Metadata-Version: 1.1
Name: pyspark-flame
Version: 0.2.2
Summary: A low-overhead sampling profiler for PySpark, that outputs Flame Graphs
Home-page: https://github.com/jamespic/pyspark-flame
Author: James Pickering
Author-email: james_pic@hotmail.com
License: MIT
Download-URL: https://github.com/jamespic/pyspark-flame/archive/0.2.2.tar.gz
Description: pyspark-flame
        =============
        
        A low-overhead profiler for Spark on Python
        
        Pyspark-flame hooks into Pyspark's existing profiling capabilities to
        provide a low-overhead stack-sampling profiler, that outputs performance
        data in a format compatible with `Brendan Gregg's FlameGraph
        Visualizer <https://github.com/brendangregg/FlameGraph>`__.
        
        Because pyspark-flame hooks into Pyspark's profiling capabilities, it
        can profile the entire execution of an RDD, across the whole of the
        cluster, and provides RDD-level visibility of performance.
        
        Unlike the cProfile-based profiler included with Pyspark, pyspark-flame
        uses stack sampling.
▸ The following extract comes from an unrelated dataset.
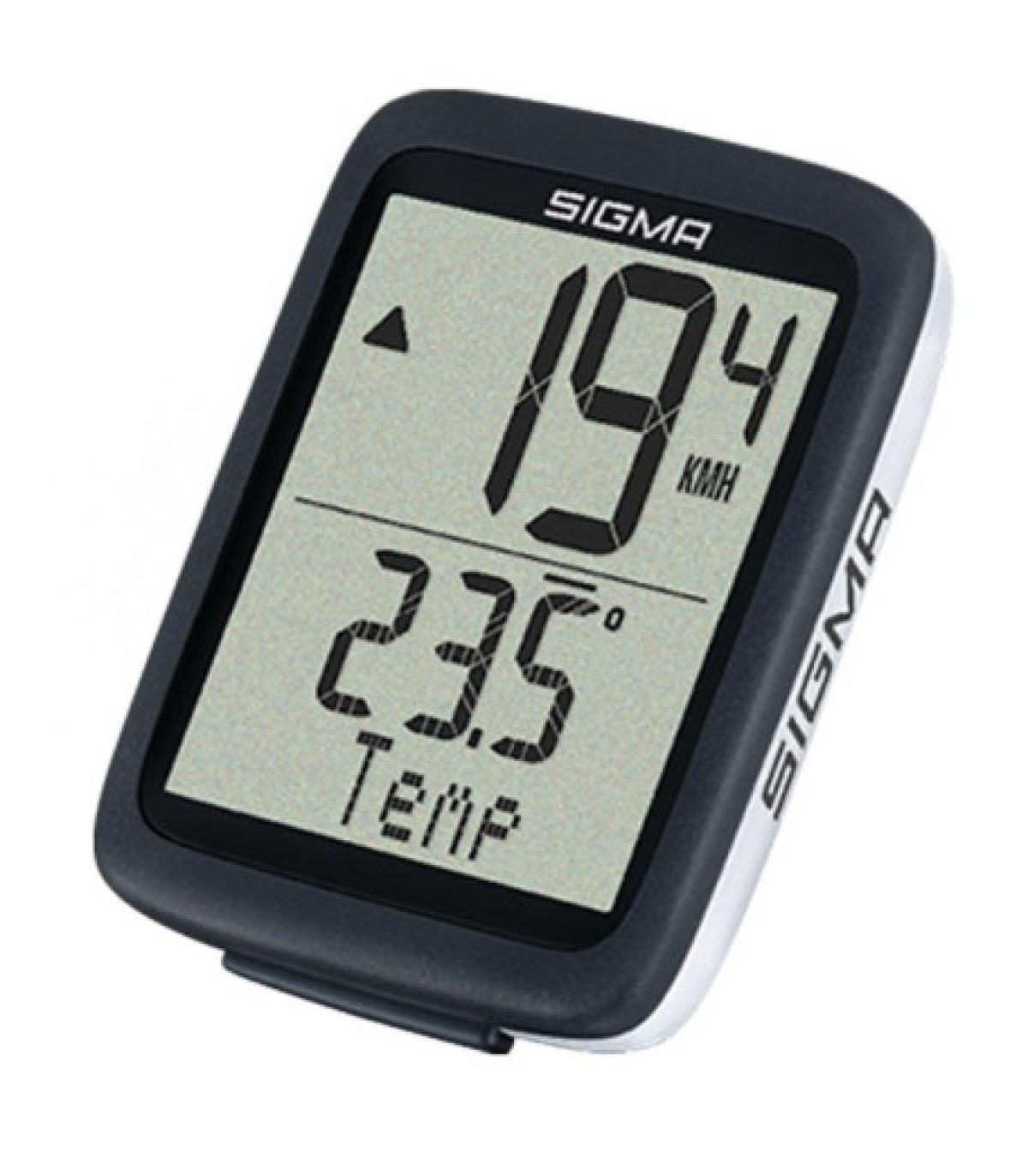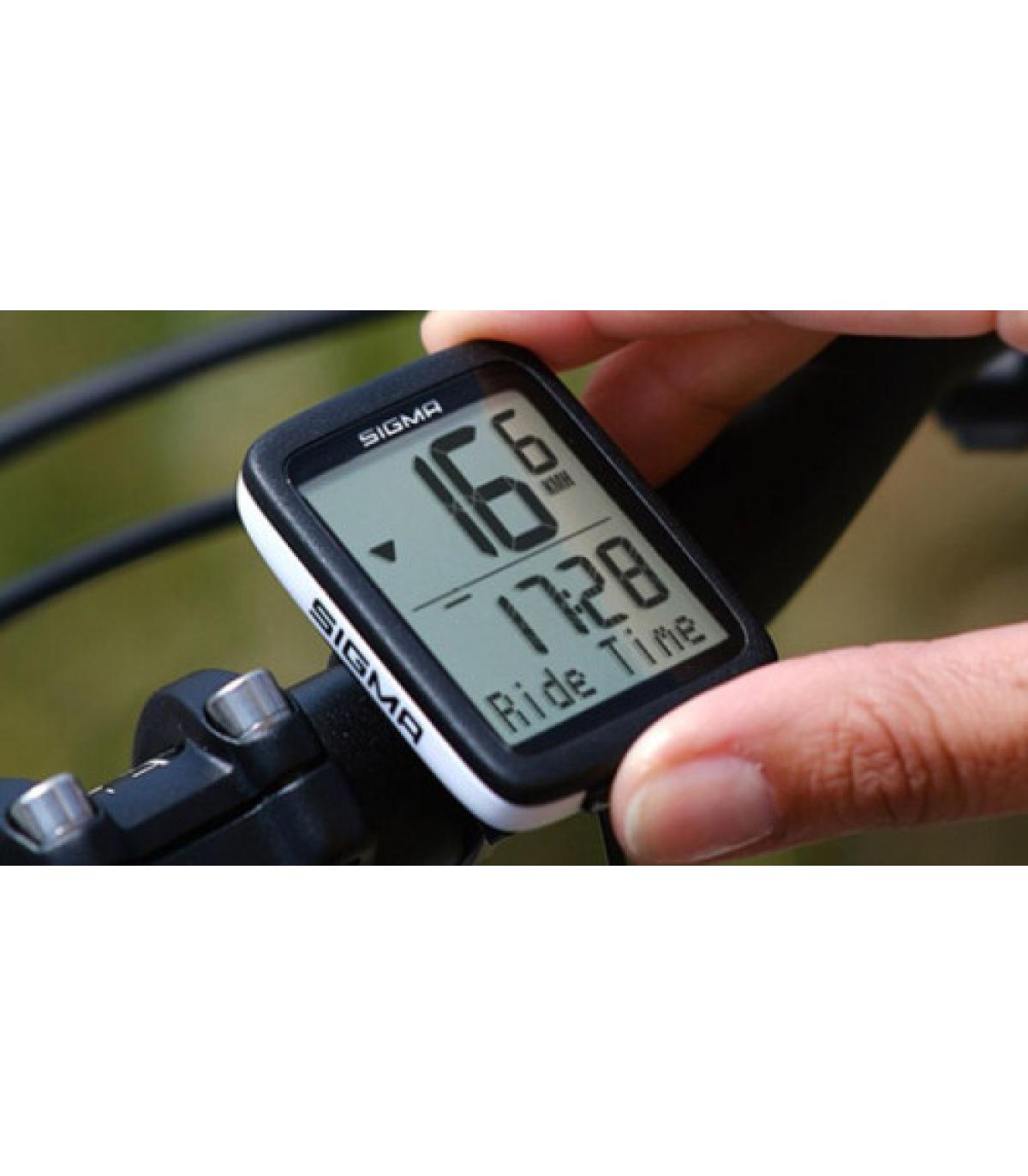 Características - SIGMA BC 10.0 WRInformación clara y fácil de leer gracias a la pantalla de dos partes de 31 x 39 mmManejo muy sencillo y, por tanto, seguro, mediante un gran botónPráctica función de arranque-parada: arranque automático al arrancar y pausa automática al detenerseVisualización de los valores de velocidad, distancia del viaje, distancia total, tiempo, tiempo de conducción del viaje y tiempo de conducción total, velocidad media, comparación de la media con la velocidad actual, velocidad máxima, temperatura.Selección mediante un etiquetado claroCarcasa robusta e impermeableGracias a los tamaños de neumáticos predefinidos, la configuración del ordenador SIGMA para una nueva bicicleta es fácil, desde una pequeña bicicleta para niños hasta una bicicleta de 29". Si se desea, también es posible introducir la circunferencia del neumático medida por uno mismo con precisión milimétrica.Conexión por cable sin interferencias y con ahorro de batería entre el sensor y el ordenadorMontaje sencillo pero seguro con bridas para cables

It takes stack traces at regular (configurable)
        intervals, which allows its overhead to be low and tunable, and doesn't
        skew results, making it suitable for use in performance test
        environments at high volumes.
        
        Installation
        ------------
        
        .. code:: bash
        
            pip install pyspark-flame
        
        Usage
        -----
        
        .. code:: python
        
            from pyspark_flame import FlameProfiler
            from pyspark import SparkConf, SparkContext
        
            conf = SparkConf().set("spark.python.profile", "true")
            conf = conf.set("spark.python.profile.dump", ".")  # Optional - if not, dumps to stdout at exit
            sc = SparkContext(
                'local', 'test', conf=conf, profiler_cls=FlameProfiler,
                environment={'pyspark_flame.interval': 0.25}  # Optional - default is 0.2 seconds
            )
            # Do stuff with Spark context...
            sc.show_profiles()
            # Or maybe
            sc.dump_profiles('.')
        
        For convenience, flamegraph.pl is vendored in, so you can produce a
        flame graph with:
        
        .. code:: bash
        
            flamegraph.pl rdd-1.flame > rdd-1.svg
        
Platform: UNKNOWN